A number of studies have shown that the image intensity within a black hole is related to the amount of tissue destruction, with the darkest areas reflecting the most profound, and therefore likely to be more permanent, damage. Histological evidence has shown that the degree of hypointensity within a black hole correlates to axonal density 13 and can be used to partially distinguish between demyelinated lesions and those that have undergone subsequent remyelination. 14 More recently, a tissue-specific imaging technique was used to demonstrate that chronic black holes with signal closer to cerebrospinal fluid (CSF) have lower magnetization transfer ratios, indicative of more advanced tissue damage, than those lesions with signal closer to white matter. 15 It has been suggested that because of the heterogeneous nature of hypointense lesions, methods of black hole volume measurement that account for such intensity variations may produce stronger imaging surrogate biomarkers of MS progression. 12 Despite the mounting evidence that the intensity heterogeneity of black holes is pathologically meaningful, there have been very few systematic studies on how the variations in intensity may influence the correlation to clinical measures.

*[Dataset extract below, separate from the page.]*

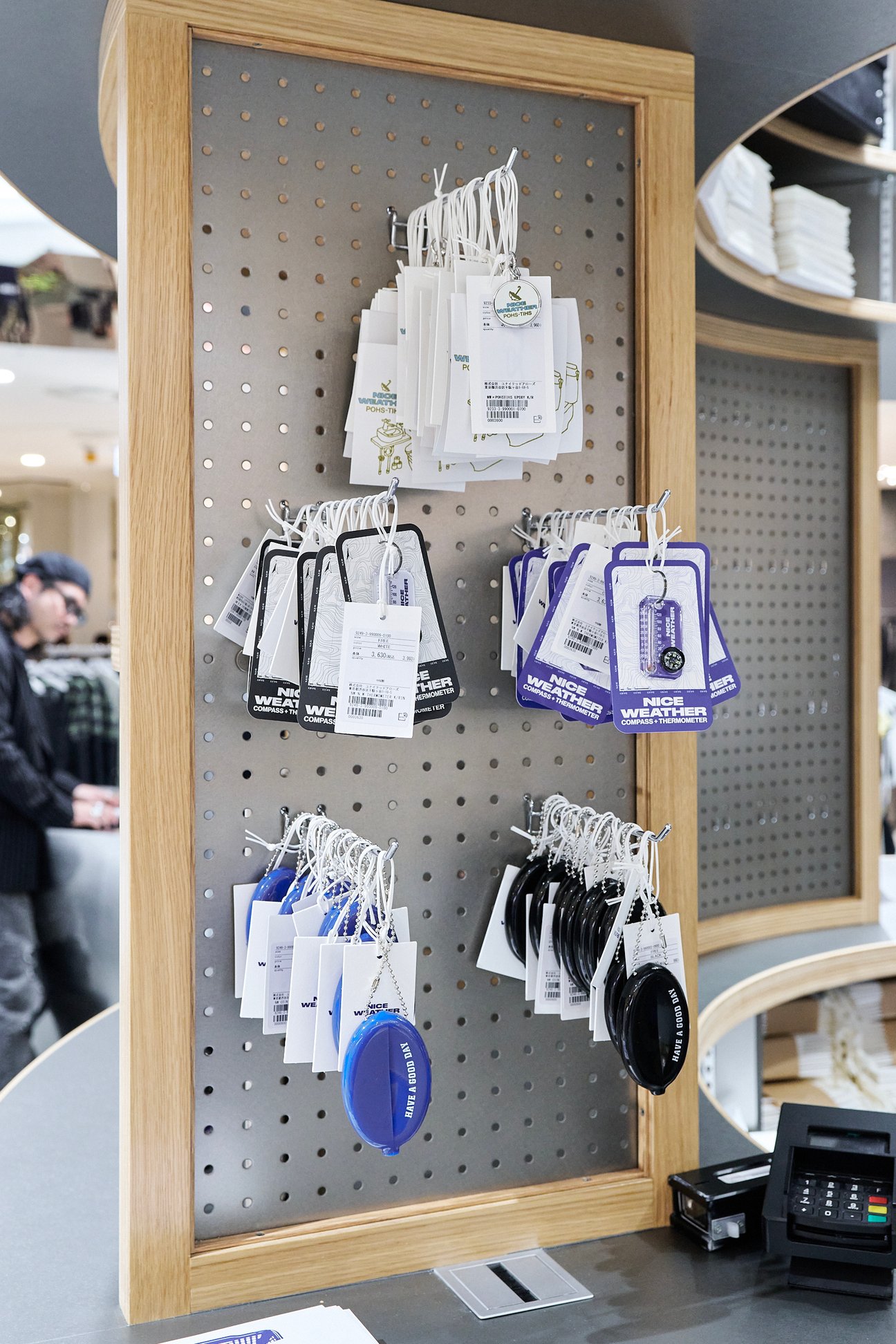 「カテゴリの超越」の中心となるのが、今回日本初出店となる「ナイスウェザー(NICE WEATHER)」。2020年に韓国・ソウルで誕生したセレクトショップで、担当者は「世界で最もカテゴリを超越した提案ができているショップ」として今回出店を要請したという。「次世代のコンビニ」をコンセプトに、ウェアやグッズ、雑貨などのオリジナルアイテムや、韓国ブランドとの限定コラボグッズを取り揃える。

Most previous studies on black hole volume have relied on binary segmentations that included all visibly hypointense regions within a corresponding hyperintense T2w lesion (e.g., Van Walderveen et al., 9 Parry et al. 10 ). A notable exception is the study by O'Riordan et al., 7 who explored the effect of the degree of hypointensity on the correlation between black hole volume and EDSS by computing the lesion volume at several different intensity thresholds. They did not find a statistically significant correlation at any threshold, but the patient sample available was not optimal in that the EDSS scores were tightly clustered.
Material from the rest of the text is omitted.